GENÇ VE AZİMLİ ALİNA BOZ

GENÇ VE AZİMLİ ALİNA BOZ

Son dönemin başarılı oyuncularından Alina Boz, genç yaşına rağmen kariyer basamaklarını hızla tırmanıyor. TRT 1 ekranlarında yayınlanan Elimi Bırakma dizisinde izlediğimiz sanatçıyla oyunculuk serüvenini ve daha pek çok şeyi konuştuk.

Rusya’da başlayan hikâyeniz Türkiye’ye uzanıyor. Bu süreci kısaca sizden dinlemek isteriz…
1998 yılında Rusya’da küçük bir kasabada doğdum. Ardından yedi yaşında İstanbul’a geldim. Anneannem ve dedem yani anne tarafım hala aynı yerde yaşıyorlar. Her fırsatta onları ziyaret etmeye yanlarına gidiyorum.

Küçük yaşlarda, birbirinden çok farklı iki kültürle büyümenin size ne gibi katkıları oldu?
Her şeyden önce iki ana dilim var. Disiplin açısından Rusya’da doğmak ve orada kısa bir süre de olsa eğitim almak beni kesinlikle etkiledi. Yaptığım her işe her zaman çok büyük bir ciddiyetle yaklaşırım ve karşımdaki kişiden de aynısını beklerim.

İki ülkeyi ve iki kültürü karşılaştırdığım zaman genel olarak Türkiye’de her zaman çok daha mutlu olduğumu söyleyebilirim. Güler yüzlü insanlar, zengin kültür, insan ilişkilerindeki samimiyet, Türkiye’de kendimi iyi hissetmemi sağlıyor. Yaşamımı sürdürmek için kesinlikle Türkiye’yi tercih ederim.

Ekranların sevilen dizisi ‘Elimi Bırakma’da Azra karakterine hayat veriyorsunuz. Bu dizi aynı zamanda sizin ilk başrolünüz. Azra karakteri hangi yönleriyle size cazip gelmişti, bu rolü kabul etme nedenleriniz nelerdi?
Azra, daha önce oynadıklarımdan çok farklı bir karakter. Bu zaten kabul etmemdeki ilk etkendi. Çok masum bir kız. Çok derin bir hikâyesi var. Yaşadığı bu dramatik hikâyeyi ekrana taşımak istedim. Ayrıca bu projede çok güçlü ve başarılı birçok oyuncu ile birlikte çalışıyorum. Güzel bir senaryo ve güvenilir bir yapım şirketi olunca da “her şey tamam” dedim. Açıkçası ‘Elimi Bırakma’ projesi bir oyuncunun isteyeceği her şeyi sundu bana.

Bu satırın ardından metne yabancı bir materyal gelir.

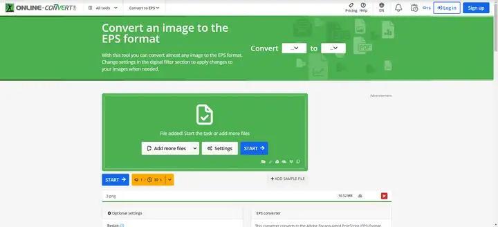 一個不錯的在線文件轉換工具,支持轉換圖片、視頻、音頻和文檔,可以快速的將png轉換成需要的eps格式。只需要進入網站,選擇需要的功能,導入png圖片,設置一下轉換參數,最後點擊轉換按鈕即可。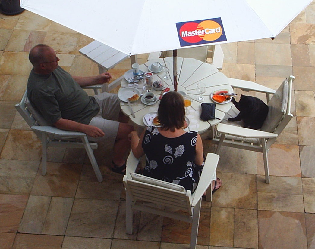 The first time we lived in Rio de Janeiro, we went to the most popular beach town, Buzios, for Easter. Just a couple of hours’ drive from Rio you find this charming old city with fantastic beaches. A hotel was recommended to us by a colleague, and it was great. However, not so great for a British couple, because every morning the hotel owner’s dog chose to sit himself at their table, just like a human being. My husband was on the veranda, looking down at the breakfast terrace and saw this hilarious tableau. The lady’s body language said it all…
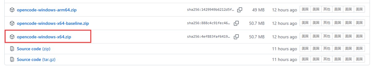 其实这个时候是后台在下载opencode的安装包,只不过界面没有明确的提示。可能由于网络原因下载失败,导致对话框无法使用。如果有网络原因,也可以从github手动下载。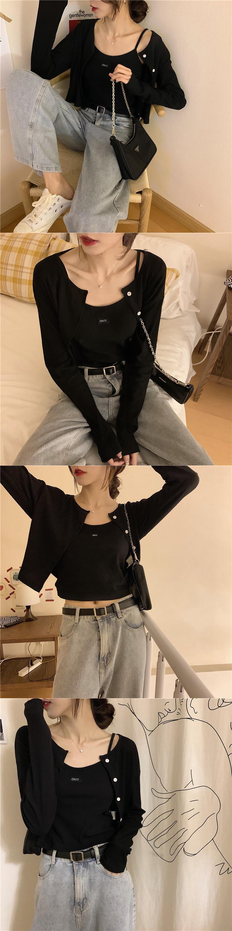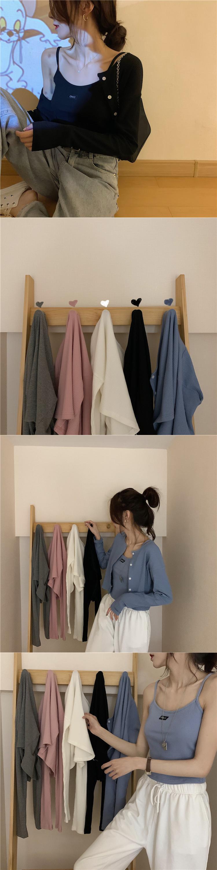 秋物ラウンドネックショートルーズ薄手カーディガン ロング オータム Oネック 長袖 YY75321918651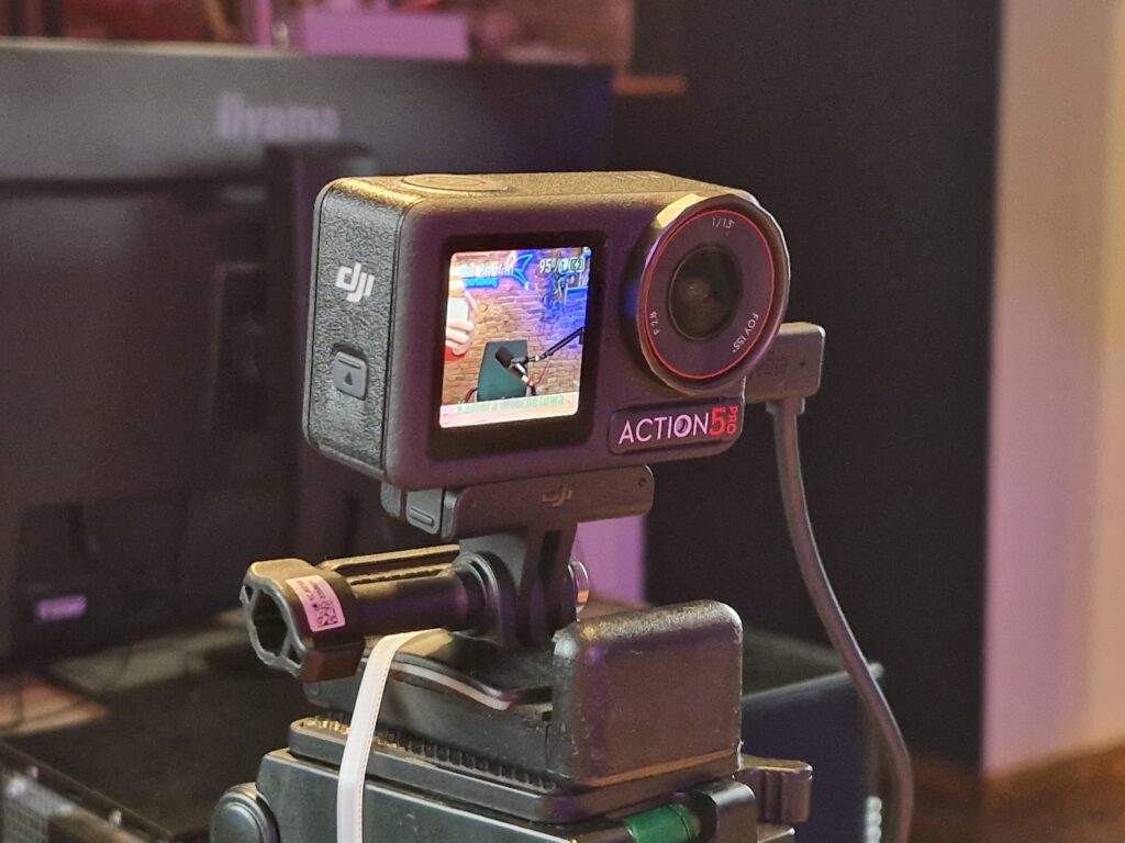 Aranżacja 2 – Profesjonalne ustawienie przy stoliku, przystosowane do nagrań z jedną lub dwiema osobami (np. vlog, podcast z analizą, prezentacja). -

‘Elime Bırakma’ dizisi kariyerinizdeki yükseliş için nasıl bir öneme sahip?
Bir oyuncu için içten oynadığı her iş, bir yükseliş anlamı taşır. Güzel bir yemeği ilk defa yapmak gibidir. Başarılı olursanız hem çok mutlu olursunuz hem de takdir edilirsiniz. Bu projeyle seyirci beni daha önce görmediği bir karakterde gördü ve sevdi. Her şeyden önce bu benim için çok önemli.

Henüz 20 yaşındasınız. Setlerde büyüdüğünüz, olgunlaştığınız bir dönemden geçiyorsunuz. Bu süreçte oyunculuğun size ne gibi katkıları oluyor? Set hayatının öğretici tarafları neler?
Dışarıdan ne kadar kolay ve eğlenceli görünse de aslında çok zorlayıcı ve disiplin isteyen bir çalışma temposunun içindeyim. Gece gündüz sette olmak özveri gerektiriyor. Çok kalabalık bir ekiple uzun saatler çalışıyoruz. Ailelerimizden daha çok sette birbirimizi görüyoruz. Birinin canı sıkkın olsa sizin de canınız sıkılıyor. O yüzden sete hep neşeli ve mutlu girmeye özen gösteriyoruz. Günlük hayatın olumsuzluklarını geride bırakmak gerekiyor.
Bir yandan da sevdiğin işi yapmak, tanımadığın insanlar tarafından sevildiğini görmek, işinde çok başarılı insanlarla çalışıp farklı alanlarda onlardan bir şeyler öğrenmek çok değerli.

Set dışında günleriniz nasıl geçiyor?
Set dışında başka bir şey yapmaya gerçek anlamda vakit kalmıyor. Bu kadar yoğun olacağımı ben de tahmin etmezdim. Haftada bir gün iznim olunca koşuşturup işlerimi mi halledeyim yoksa evde kalıp dinleneyim mi diye kendimle çok çelişiyorum. Her fırsatta spora gidiyorum. Evdeyken film izlemeye çalışıyorum.